The layout restructure was deemed too expensive for the MVP, and changing how the Management and Department links worked risked disrupting existing habits.
Future direction
Other teams were reworking the company page in parallel, moving the Overview info to a left panel. We sketched what the Employees tab could look like inside that layout: grid view, quick filters above the table, AI-recommended contacts as the default. The Management Level and Department widgets moved below the fold, still there to support existing habits, but no longer competing with the contacts that mattered. This concept was parked for when the new page layout would ship.
Final design
Product opted for a smaller, lower-risk MVP:
(1) The Buying Group filter is off by default so users can see other employees without being forced through that filter first.
(2) AI-recommended contacts are added as a new default filter, surfacing a short, curated set based on the user's past activity, bypassing the need to filter to find the few contacts users actually want to talk to. A one-time intro popover notified users about the new default.
(3) The missing filters users said they needed are added: job title, department, management level, location, and more.

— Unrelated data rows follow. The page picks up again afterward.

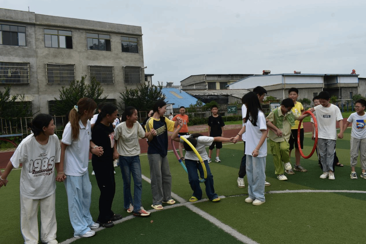 在比赛过程中,有的小组一开始就配合默契,呼啦圈流畅地在同学们之间传递;而有的小组在传递过程中遇到了一些小阻碍,但他们没有气馁,相互鼓励,及时调整策略。场下观众的加油声、呐喊声此起彼伏。支教团的志愿者们不仅认真组织比赛,还积极参与其中,为孩子们加油鼓劲,与他们一同分享快乐。一位支教老师说:“看到孩子们在运动中如此开心,我们的付出都是值得的。”
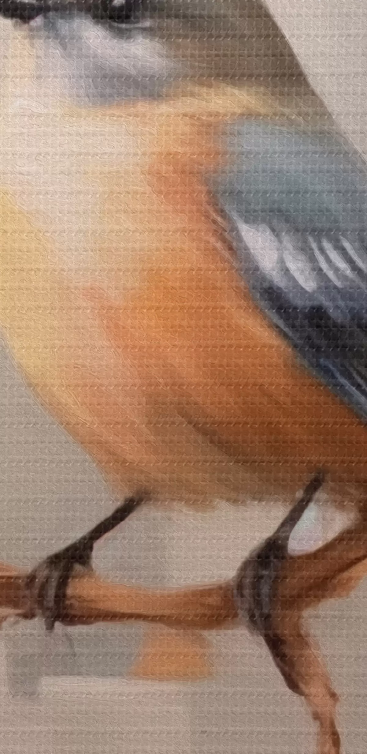 Țesătura fină a firelor de pe această pânză seamănă cu suprafața pânzelor artiștilor profesioniști.
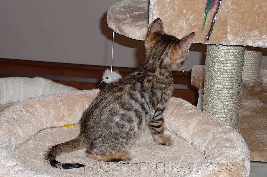 Chovatelská stanice RosetteBengal zadá mazlíčka bengálského kocourka ze spojení Basalia Spongilit x Taurion Heaven (imp. HU), narozen 17.12.2014. Oba rodiče testováni FIV, FELV, HCM - vše negativní, PKDef N/N-otec, PKDef N/K-matka. Kocourek má výrazné rozety, získá zlaté zbarvení po rodičích. Bude očkovaný, odčervený, kastrován, registrací u TICA, veterinárním potvrzením o zdravotním stavu. Kupní smlouva a doživotní chovatelský servis je samozřejmostí. Koťátka odchováváme s láskou v rodinném prostředí, zvyklá na děti, vymazlená, nebojácná. Cena za mazlíčka je již včetně kastrace. Podrobnější informace k prodeji koťátek a více fotek na http://www.rosettebengal.com
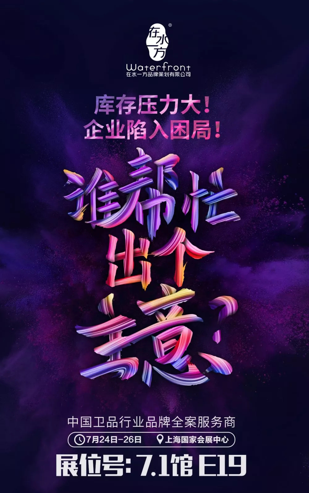 7月24日到26日,如果你剛好有空,在水一方誠意邀你到上海國家會展中心7-1E19展位坐坐,一同交流行業(yè)觀點,碰撞創(chuàng)意,展望新機。
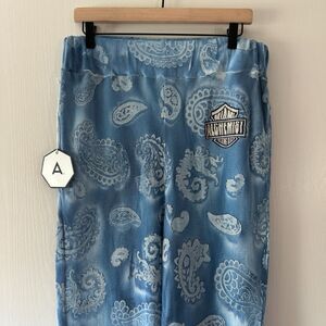 Alchemist Mens Blue Lando Lounge Straight Leg Waffle Knit Paisley Pants Size XL
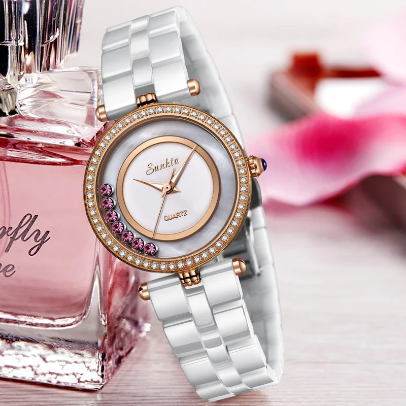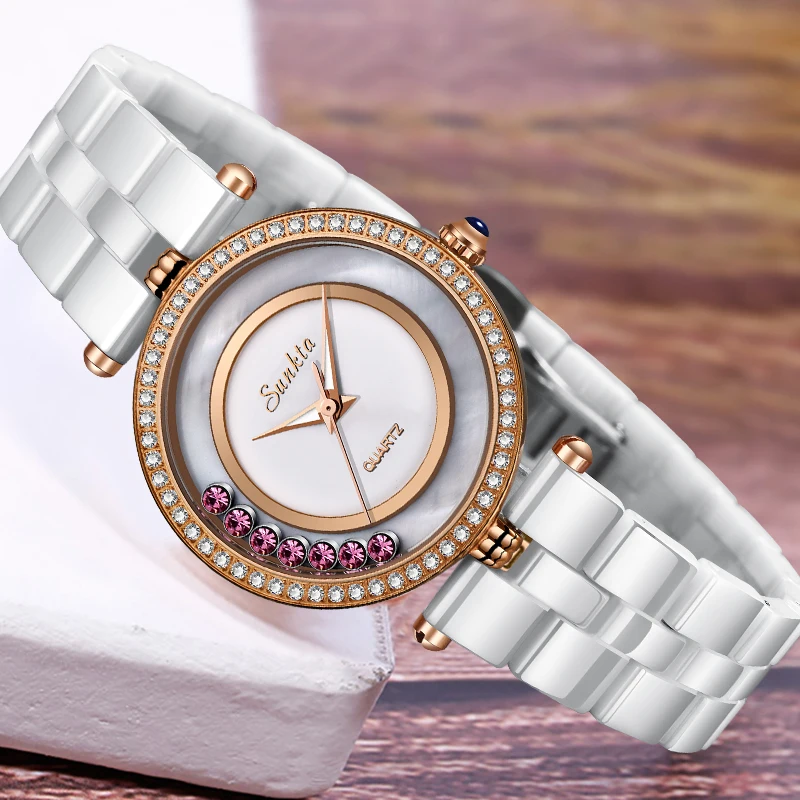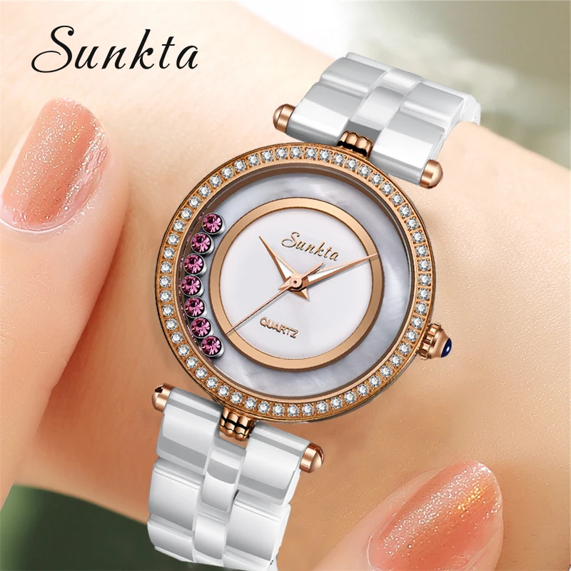 Часы наручные SUNKTA женские кварцевые, брендовые роскошные керамические водонепроницаемые Модные с перламутровой поверхностью, с бриллиантами, 2021

Management Level and Employees by Department links were kept untouched to avoid disrupting existing workflows and keep the MVP small.
Reflection
I went on parental leave before release, so I didn't see post-launch feedback. What I would've wanted to measure was whether the AI-recommended list kept prospecting on the Employees tab instead of pushing users to Advanced Search, and whether the model's picks matched who users actually reached out to. Looking back, I'd also run a second round of interviews before finalizing the designs, as that would've helped us pick a direction with more confidence.